▶ [Exercise goal]:
Retype, with no pictures, each line from the one that holds "The Tarta Gelatina" through the last line of the entries below, both included.

Start of Block

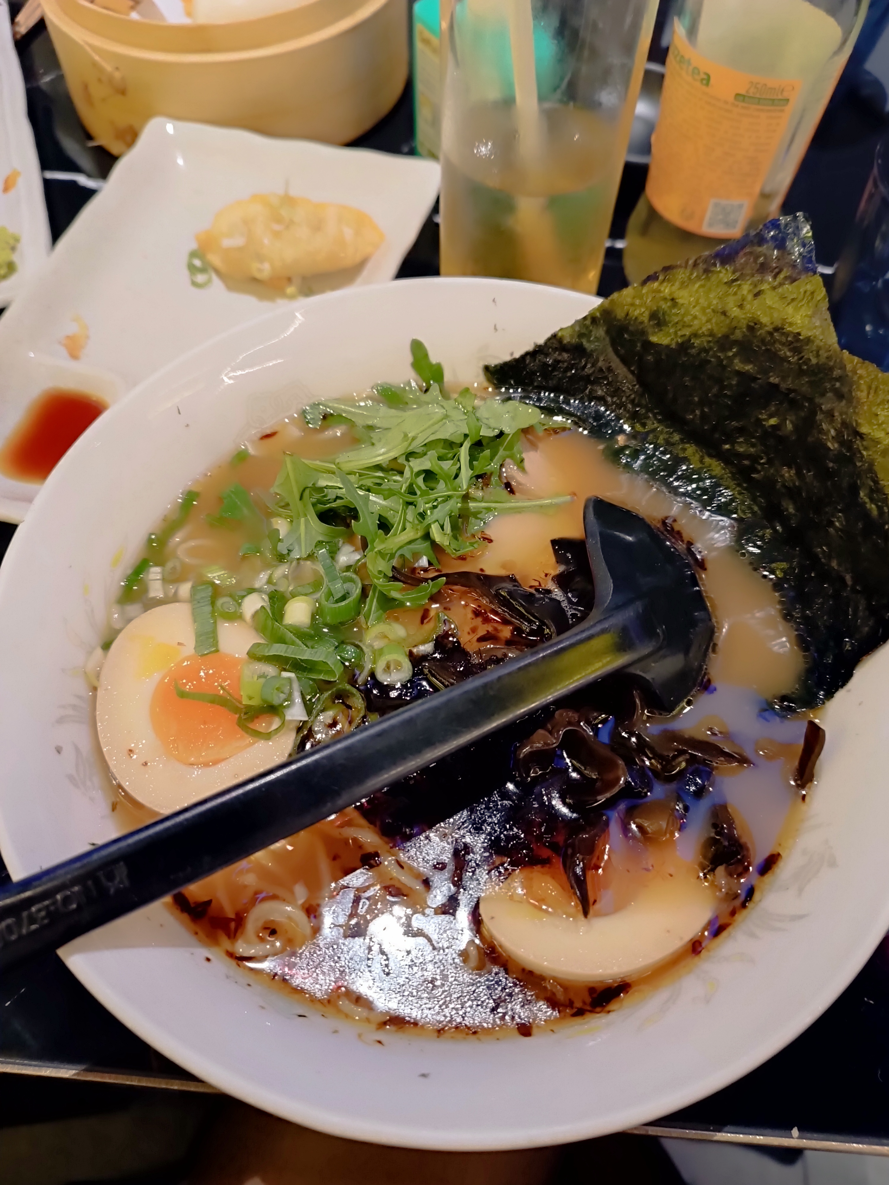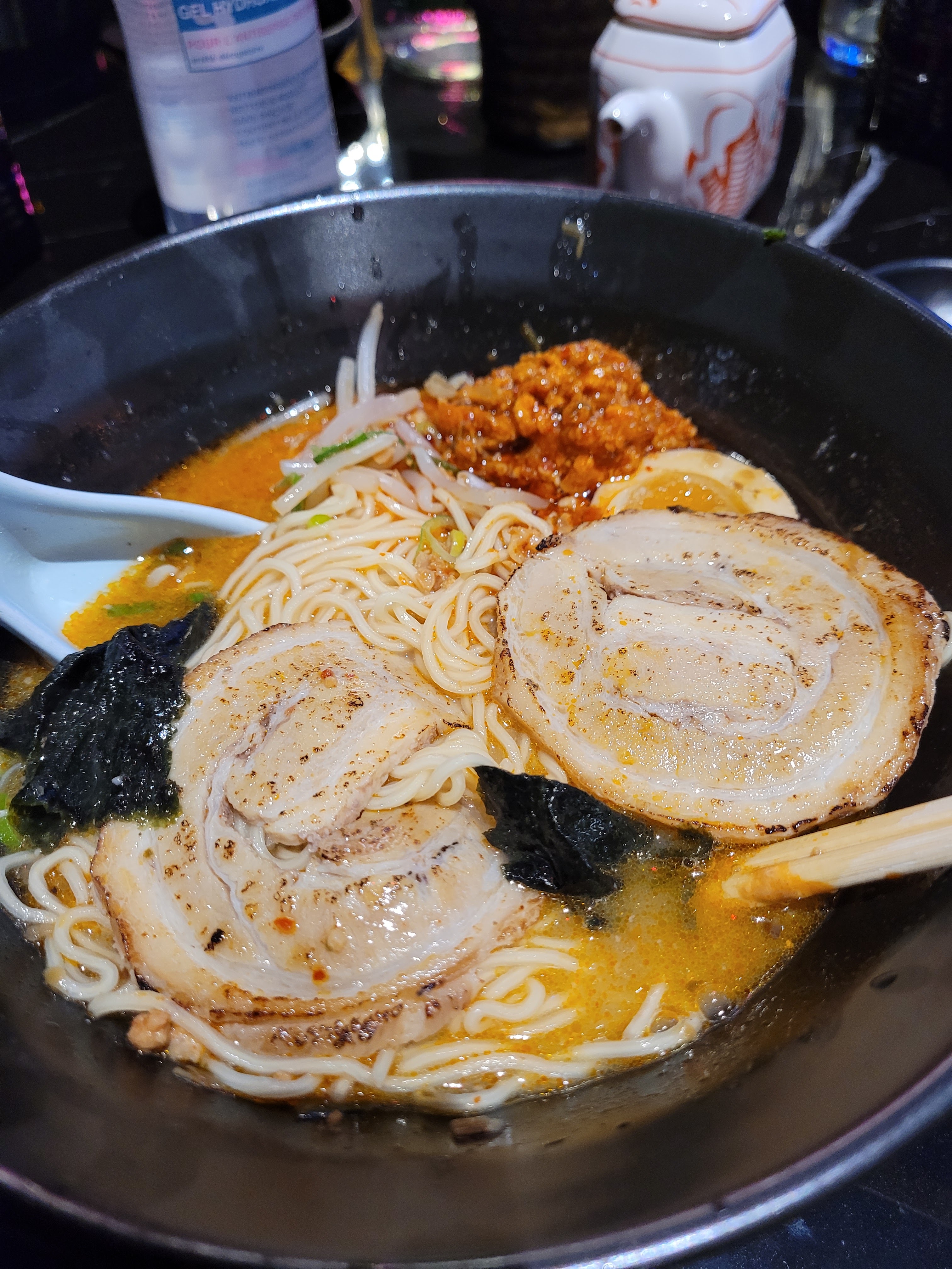 La déco est vraiment sympa quand on est installé au milieu ou au fond de la salle (ce qui n'était pas notre cas), par contre c'était très bruyant même en tout début de service où la salle n'était pas très remplie et la musique était vraiment pas terrible (+ vraiment pas adaptée à l'ambiance japonaise du lieu)... Nous avons testé les ramens et ils étaient bons mais sans le plus qui nous ferait venir ici plutôt qu'ailleurs. Pareil pour le karaage, il manquait de goût et de croustillant.
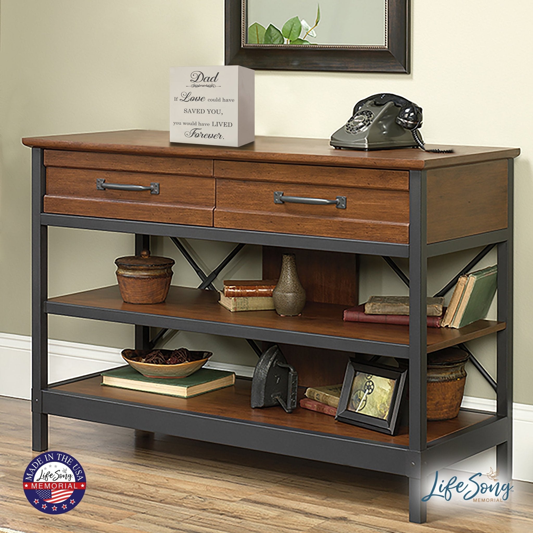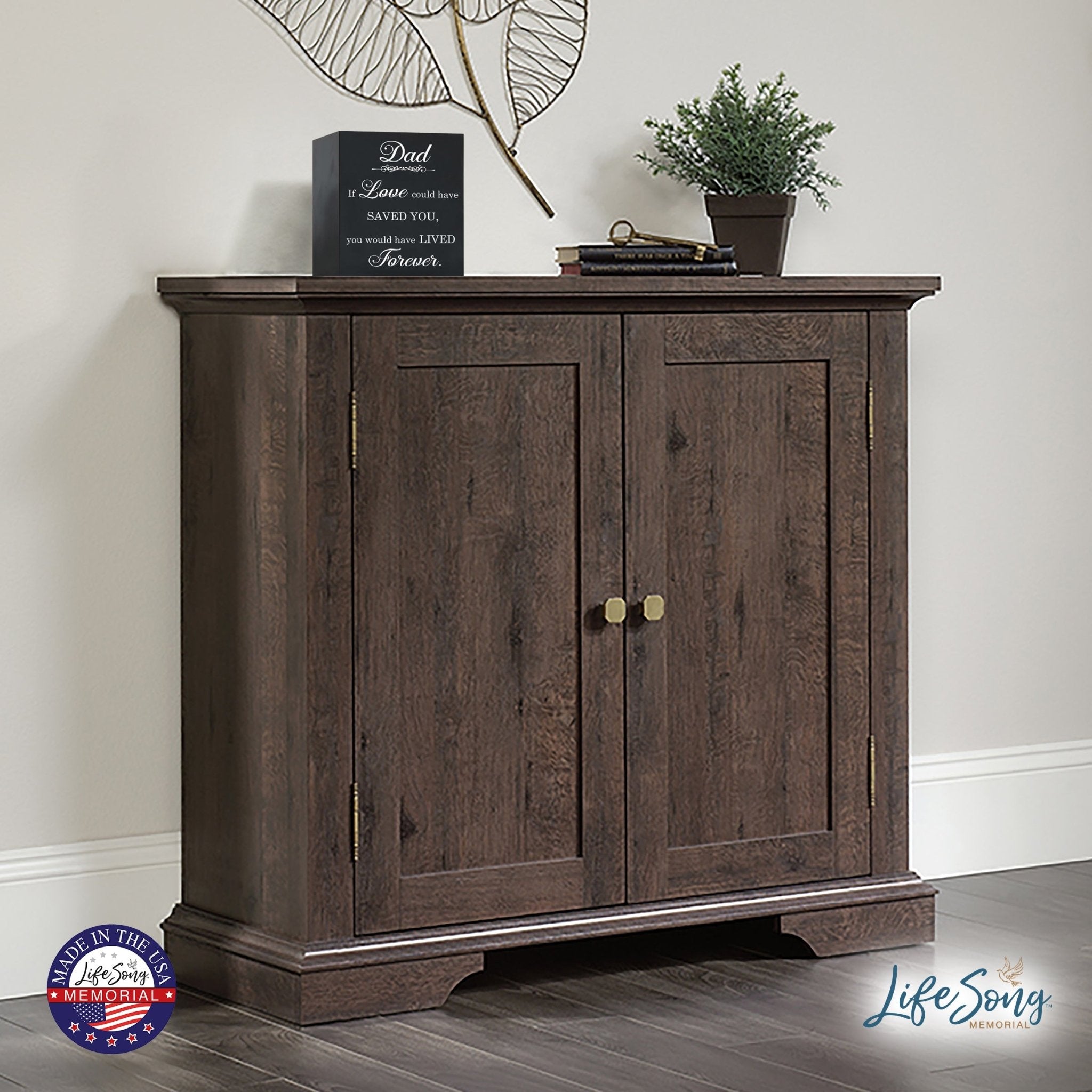 To access the urn, Phillips Head Screwdriver is needed to take out the screws to insert the ashes. Felt pads and Cremation bags are included free of charge. Shadow Box Urn can be a self-standing surface and has a notch on the back making them ready for wall hanging.
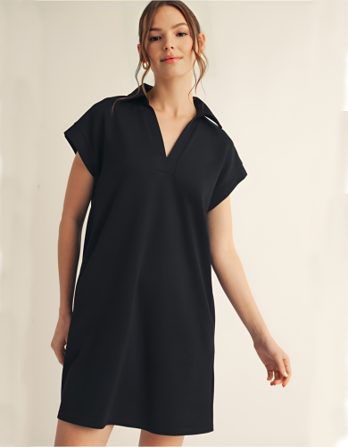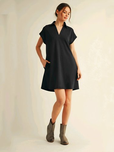 Gömlek Yaka Cepli Süprem Penye Elbise -Siyah
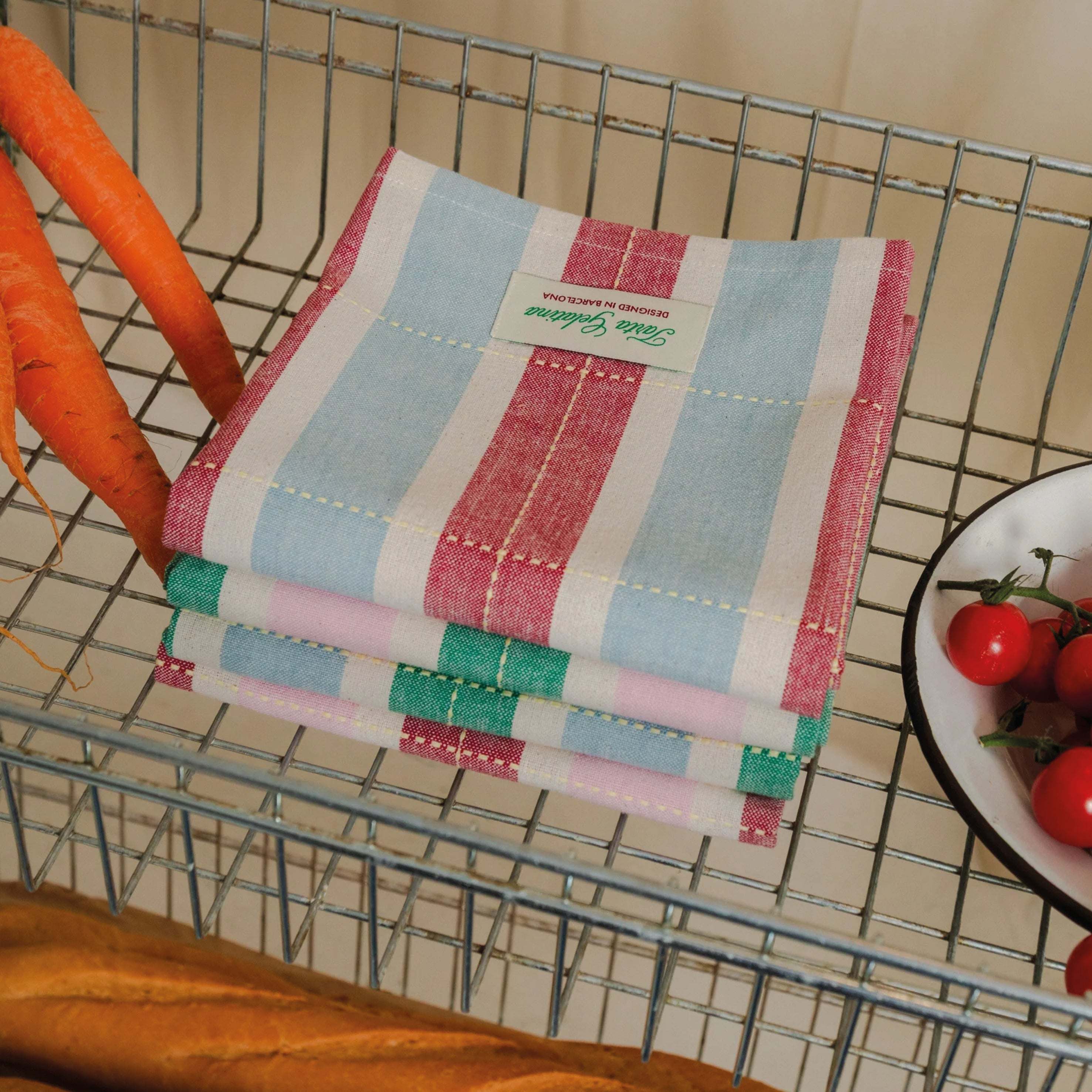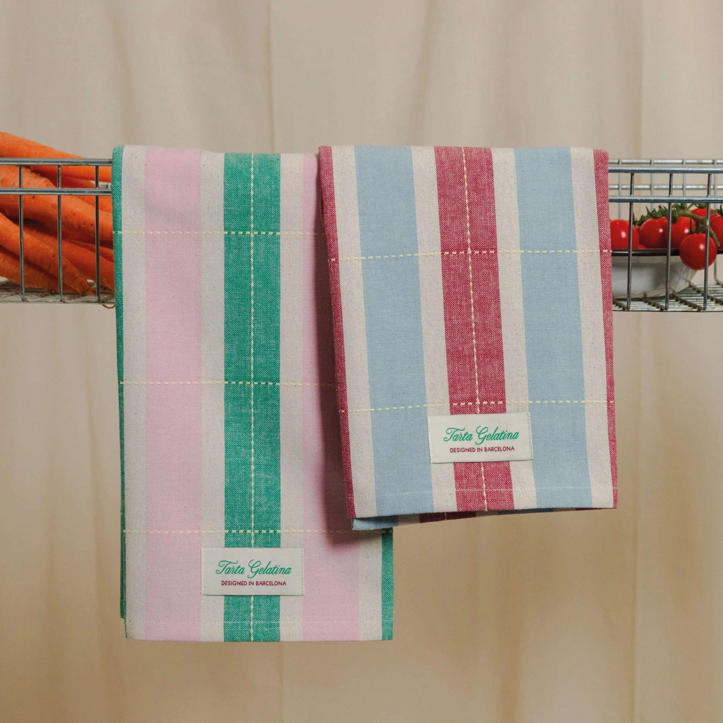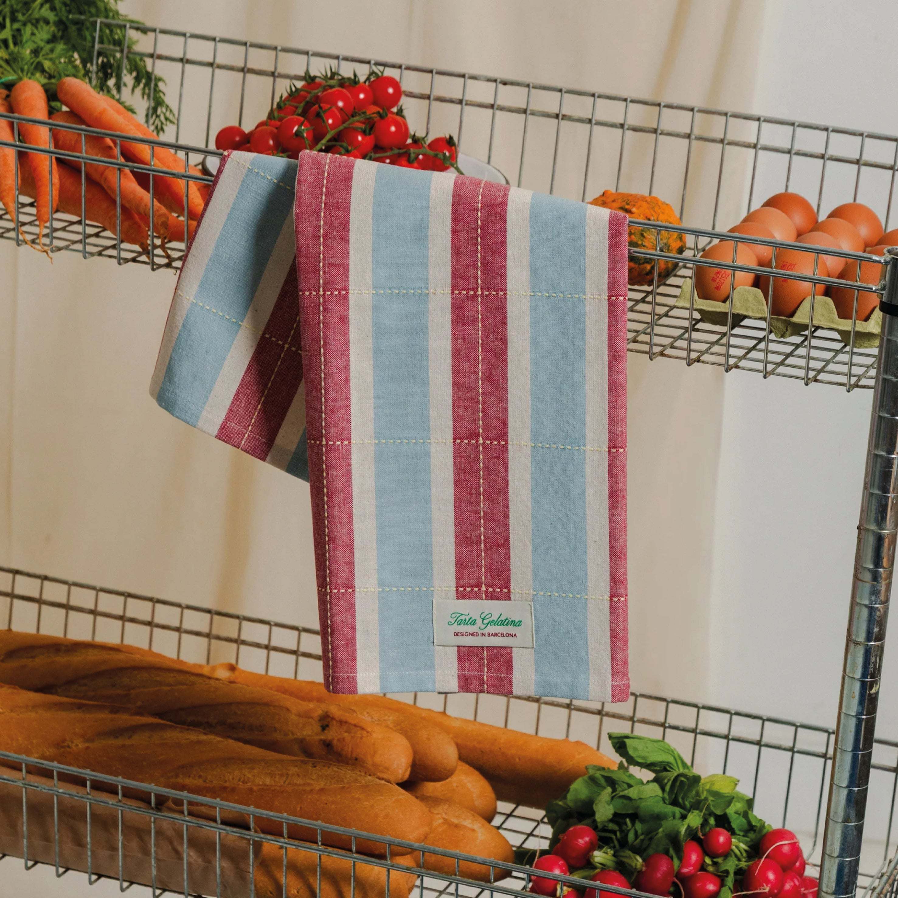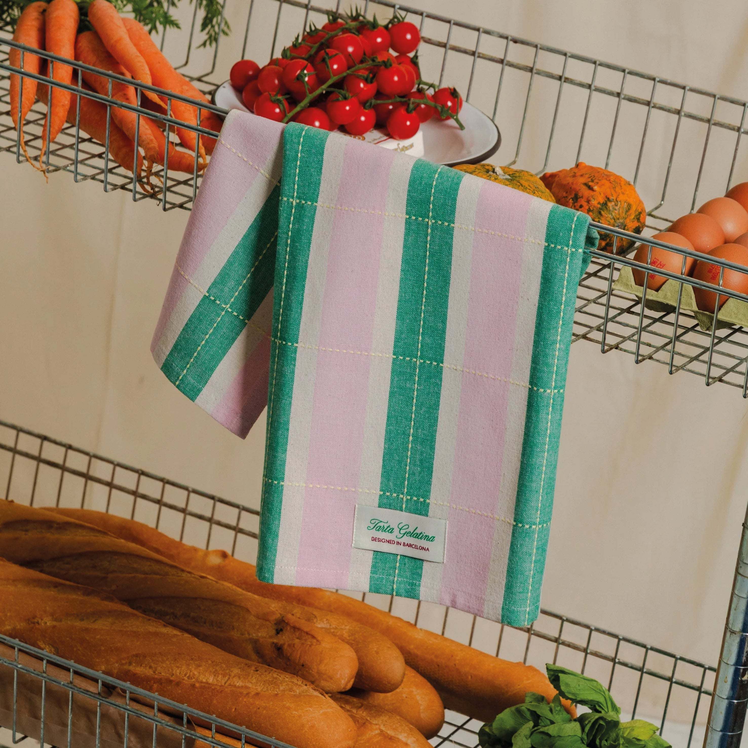 The Tarta Gelatina Striped Tea Towels Set of 2 are perfect for drying dishes, lining baskets, or simply looking cute while pretending you always keep the kitchen this tidy. Soft cotton, woven stripes, and a little everyday charm.
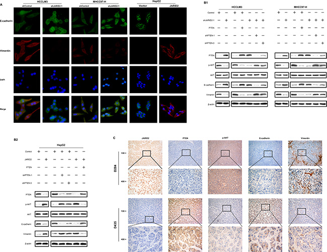 Paraffin-embedded tissues were sectioned and microwave-pretreated in EDTA buffer (1mM, pH 8.0) for 10 minutes for antigen retrieval. Then, formalin-fixed paraffin sections were stained for JARID2 (Santa Cruz Biotechnology) using the streptavidin-peroxidase system (Zhong-shan Goldenbridge Biotechnology, Beijing, China). To support the validity of the immunohistochemistry, HCCLM3shcontrol, HCCLM3shJARID2-1 cells were chosen used to perform cell immunohistochemistry to demonstrate the effectiveness of the antibodies JARID2 used, as PCR and Western blot showed HCCLM3 cells exhibited high JARID2 expression, and HCCLM3 transfected with the shJARID2-1 plasmid showed dramatically reduced JARID2 expression. Positive, negative control slides were probed with JARID2 antibody, goat serum respectively, and followed by the secondary antibody under the same conditions (Supplementary Figure 10A and 10B). The results proved that JARID2 antibody used was useful and specific for JARID2 (Supplementary Figure 10A 10B). The expression levels of JARID2 were scored using a four-point scale according to the percentage of positive hepatocytes: [40, 41] 0, ≤ 10% positive; 1+, 11%–25% positive; 2+, 26%–50% positive; 3+, ≥ 51% positive. The protein expression of JARID2 was thus considered negative if scored 0, and 1+, 2+, and 3+ as positive. According to the score of JARID2 expression, HCC specimens was also divided into a low expression group (0 or 1+) and a high expression group (2+ or 3+). For PTEN, p-AKT, vimentin, E-cadherin, the procedures as JARID2 and immunostaining score were adopt as described elsewhere [42]. Antibodies for PTEN, p-AKT, vimentin, E-cadherin were all purchased from Santa Cruz Biotechnology (Santa Cruz, CA).

End of Block

▶ [Result below]:
 The Tarta Gelatina Striped Tea Towels Set of 2 are perfect for drying dishes, lining baskets, or simply looking cute while pretending you always keep the kitchen this tidy. Soft cotton, woven stripes, and a little everyday charm.
 Paraffin-embedded tissues were sectioned and microwave-pretreated in EDTA buffer (1mM, pH 8.0) for 10 minutes for antigen retrieval. Then, formalin-fixed paraffin sections were stained for JARID2 (Santa Cruz Biotechnology) using the streptavidin-peroxidase system (Zhong-shan Goldenbridge Biotechnology, Beijing, China). To support the validity of the immunohistochemistry, HCCLM3shcontrol, HCCLM3shJARID2-1 cells were chosen used to perform cell immunohistochemistry to demonstrate the effectiveness of the antibodies JARID2 used, as PCR and Western blot showed HCCLM3 cells exhibited high JARID2 expression, and HCCLM3 transfected with the shJARID2-1 plasmid showed dramatically reduced JARID2 expression. Positive, negative control slides were probed with JARID2 antibody, goat serum respectively, and followed by the secondary antibody under the same conditions (Supplementary Figure 10A and 10B). The results proved that JARID2 antibody used was useful and specific for JARID2 (Supplementary Figure 10A 10B). The expression levels of JARID2 were scored using a four-point scale according to the percentage of positive hepatocytes: [40, 41] 0, ≤ 10% positive; 1+, 11%–25% positive; 2+, 26%–50% positive; 3+, ≥ 51% positive. The protein expression of JARID2 was thus considered negative if scored 0, and 1+, 2+, and 3+ as positive. According to the score of JARID2 expression, HCC specimens was also divided into a low expression group (0 or 1+) and a high expression group (2+ or 3+). For PTEN, p-AKT, vimentin, E-cadherin, the procedures as JARID2 and immunostaining score were adopt as described elsewhere [42]. Antibodies for PTEN, p-AKT, vimentin, E-cadherin were all purchased from Santa Cruz Biotechnology (Santa Cruz, CA).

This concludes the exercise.